El otro día, al llegar a la redacción, nos pusimos a comentar las alegrías y penurias del fin de semana. El insigne Juan Ramón nos contó que fue al cine y que se había quedado estupefacto al ver el trailer de ‘El Castor’ (Jodie Foster; se estrena hoy). Bueno, más bien, al ver la reacción de la sala: “Nadie perdió la atención ni se rió al ver a Mel Gibson con una marioneta en la mano… Tengo ganas de verla, ¡seguro que es una buena peli!”.

Luego, la conversación se centró en el bueno de Mel. Ambos coincidimos en la misma idea: es un chalado, estrafalario y su vida personal está repleta de fantasmas, pero, la verdad, es que su carrera en el cine es más que decente. Y es cierto, si hacen un repaso a su filmografía verán que ha triunfado en todas las facetas: como actor, director, guionista y productor. Además, con papeles que están en el imaginario colectivo: el teniente Riggs de ‘Arma Letal’, el carismático Mad Max y, por supuesto, William Wallace, el héroe que inspiró la épica moderna en el cine.

El asunto está en que no es un tipo fácil de querer. Borracho confeso y acusado de pegar a su mujer, sus ideas extremistas son todo un reclamo para las parodias y las críticas televisivas. Por eso, su carrera daba tumbos y ninguna productora quería tratos con él. Hasta que Jodie Foster, su amiga, le ofreció protagonizar una película sobre un hombre traumatizado que consigue salir de sus propios despojos gracias a un muñeco con forma de castor.

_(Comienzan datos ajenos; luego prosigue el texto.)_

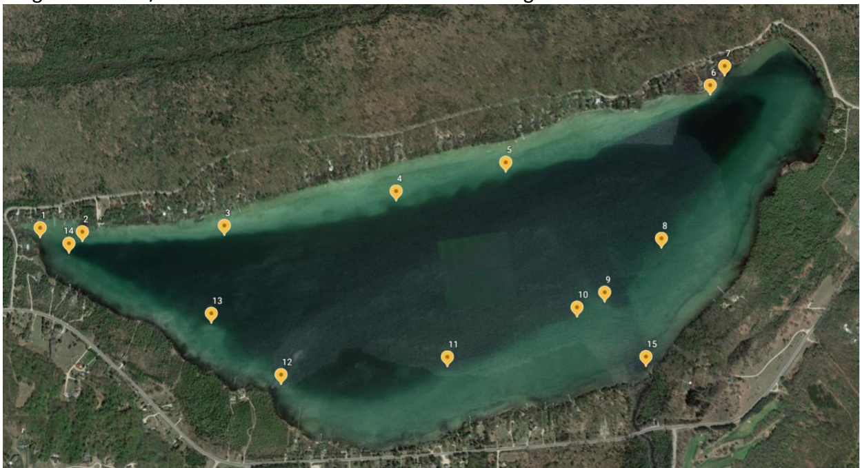
Diagram 1: 2020/2021 Rake Toss Collection Locations Google Earth
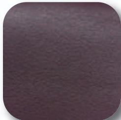
MAROON COW #299
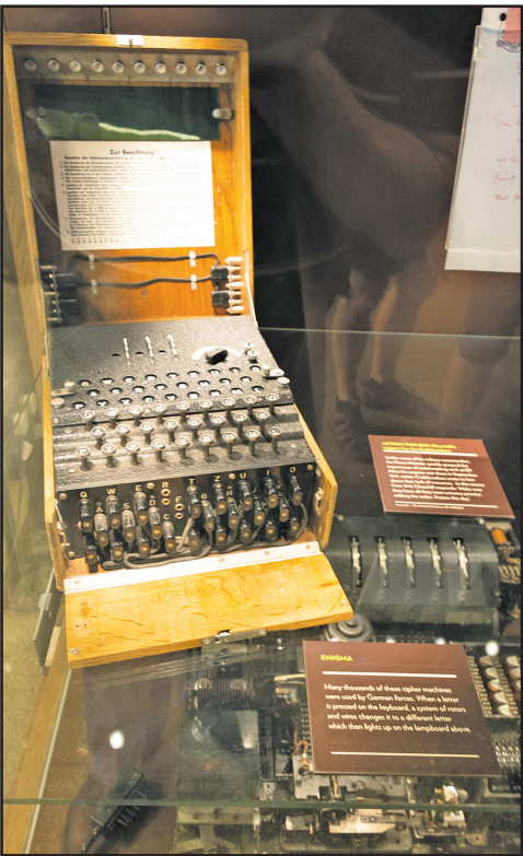
Enigma machine at Bletchley Park.

Sir Ian Fleming was also at Bletchley Park during WWII. He was a spy and later inspired the James Bond series.

A falta de ver la película -yo también me muero de ganas-, tengo la sensación de que el filme es un regalo para Gibson. Uno de esos regalos que solo un amigo podría hacer, desde detrás de la bambalina, manejando hilos, ayudando a que recuperes el norte, pidiendo al mundo entero que te dé otra oportunidad. Y puede que, justo por eso, ‘El Castor’ resulte tan atractiva.